SEATTLE — The last time he was here, he wore a cast on one foot and street clothes to the game. He sat behind the Michigan basketball team as it played for the national championship. And when that championship was won, and the buzzer sounded, he ran onto the floor, cast and all, and celebrated in a happy pile of players. The whole world was ahead of Eric Riley in those days. He was a redshirt freshman, an apprentice to glory, just waiting for his turn in the uniform. “I thought,” he says now, “I would be celebrating like that again. Only with me playing.”
The Life of Riley has changed significantly since then. He has a son now, for one thing. He has bills, for another. He is a senior on a team full of superstar sophomores, and his college career is over the next time Michigan comes up on the short end of a score, or when it cuts down the nets a week from Monday in New Orleans. One way or the other, it’s over. Riley hopes for the happier finish, but says: “At this point, life will go on if we don’t win it. I know that now.”

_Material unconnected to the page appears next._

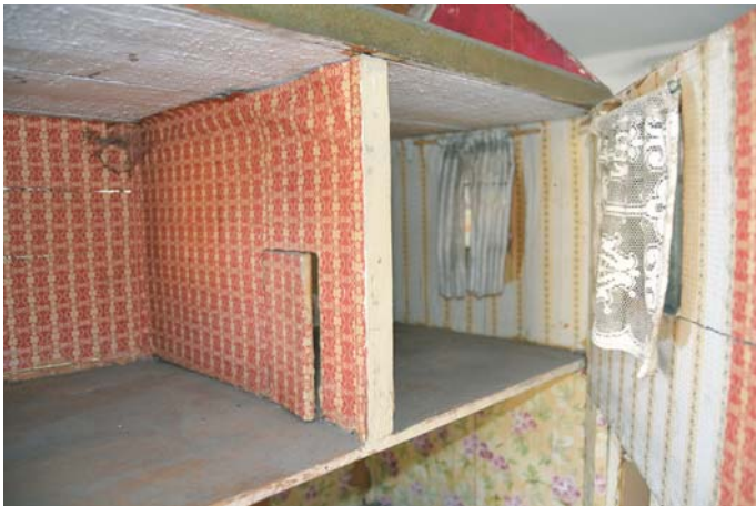
Jedes Zimmer im hier geöffneten Puppenhaus ist mit einer anderen Tapete liebevoll ausgekleidet.

Text und Foto: Franz Hausstetter, GTEV „Achtentaler“ Rohrdorf

Eric Riley, 22, knows a great many things now. He has these huge, deer-like eyes that dominate his face — they are wide- open eyes — and you wonder if the last four years haven’t been responsible for that. He remembers being stunned that freshman season, when police escorts led the team through Seattle. Police escorts? And all those fans at the hotels, gyms and arenas, just waiting, no matter where the Wolverines went? “How did they know we would be here?” he remembers thinking.
One time, the bus schedule got mixed up, and the players had to take limousines to the arena. “That was really something,” Riley says, shaking his head. “Limousines. Me and Terry Mills, Loy Vaught, Rumeal Robinson, we were all in this limo, going to some practice. I couldn’t believe it.”

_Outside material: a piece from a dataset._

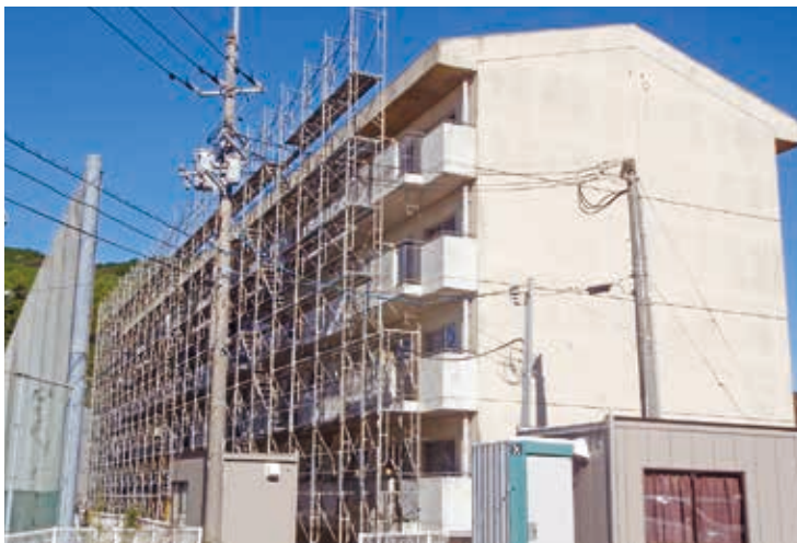
築37年の大久保団地

A happy pile. A championship.
And then came the real world.
A kid with a baby
Riley got to play the next season, but the team ran out of magic and was eliminated early in the tournament. The following year, it missed the tournament altogether. During that season, Riley learned he was going to be a father. “I was scared,” he admits. He would go to practice and hear teammates worrying about a test or a car and wish those problems were all he had to deal with.
His world was changing. The first time he held his baby, he didn’t know what to do. He was just a kid himself. And then there were bills to pay, and classes to keep up with, and, on top of that, there were these five freshmen who had come along and usurped all of the starting positions. Riley was a junior, ripe in body and skills. He had been second in Big Ten rebounding the previous season. But, suddenly, he was on the bench when the starters were announced.

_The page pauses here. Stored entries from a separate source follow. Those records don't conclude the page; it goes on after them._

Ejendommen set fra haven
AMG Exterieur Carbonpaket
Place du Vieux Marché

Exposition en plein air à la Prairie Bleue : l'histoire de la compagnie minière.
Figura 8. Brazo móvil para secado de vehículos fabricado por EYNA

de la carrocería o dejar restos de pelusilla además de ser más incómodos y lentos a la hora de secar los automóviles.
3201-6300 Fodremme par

“Things weren’t the way I expected,” he says.
That he dealt with all this, that he didn’t go off the deep end and say,
“It’s not fair! Why is this happening to me?” is a credit to his ever-developing maturity. Riley is a gentle, soft-spoken soul inside a 7-foot shell. He takes a lot of teasing from his younger teammates because he will let them get away with it, unless it’s something important. Anyhow, Riley is thinking other thoughts now: the NBA, mostly.
A few weeks back, Riley and sophomore Ray Jackson were talking about the NCAA tournament.
“You gonna shave your head like we all did last year?” Jackson said. “Nah,” Riley said.
“Come on, E! You gotta go bald, just once.”
Riley shook his head. “I’m too old for that.”
In your dreams, maybe . . .
Last week, against UCLA, Riley had a disastrous first half. He missed several shots. He was bumped around inside. Frustrated, he tried to get it all back with a single, rim- rumbling dunk. He missed.
“When that happened I said, aw, no! This is bad.”
He eventually took a seat, and he thought on the bench that maybe this would be his last college performance. What a way to go out. Luckily, Michigan won a squeaker.
“In my dreams, we win the championship with me hitting a turnaround jumper at the buzzer,” he says. He smiles, then looks down. “If I’m even in the game at the buzzer. . . . “
His son can talk now. When he watches on TV he says, in baby talk, “Eric Riley.” One day, he will be old enough to shoot baskets with his father. There is that to look forward to. And maybe an NBA career. And all the wonders of the adult world.
So maybe the college thing didn’t reach the heights he imagined the last time he was in this city, that redshirt year of innocence of championships. But he has done OK. He has learned to cope. That’s also part of higher education, isn’t it?
“With all that’s happened,” comes the question, “when this ends–“
He stretches his long arms over his head and smiles, already knowing his answer.
“I’m ready,” he says. Eyes open, as usual.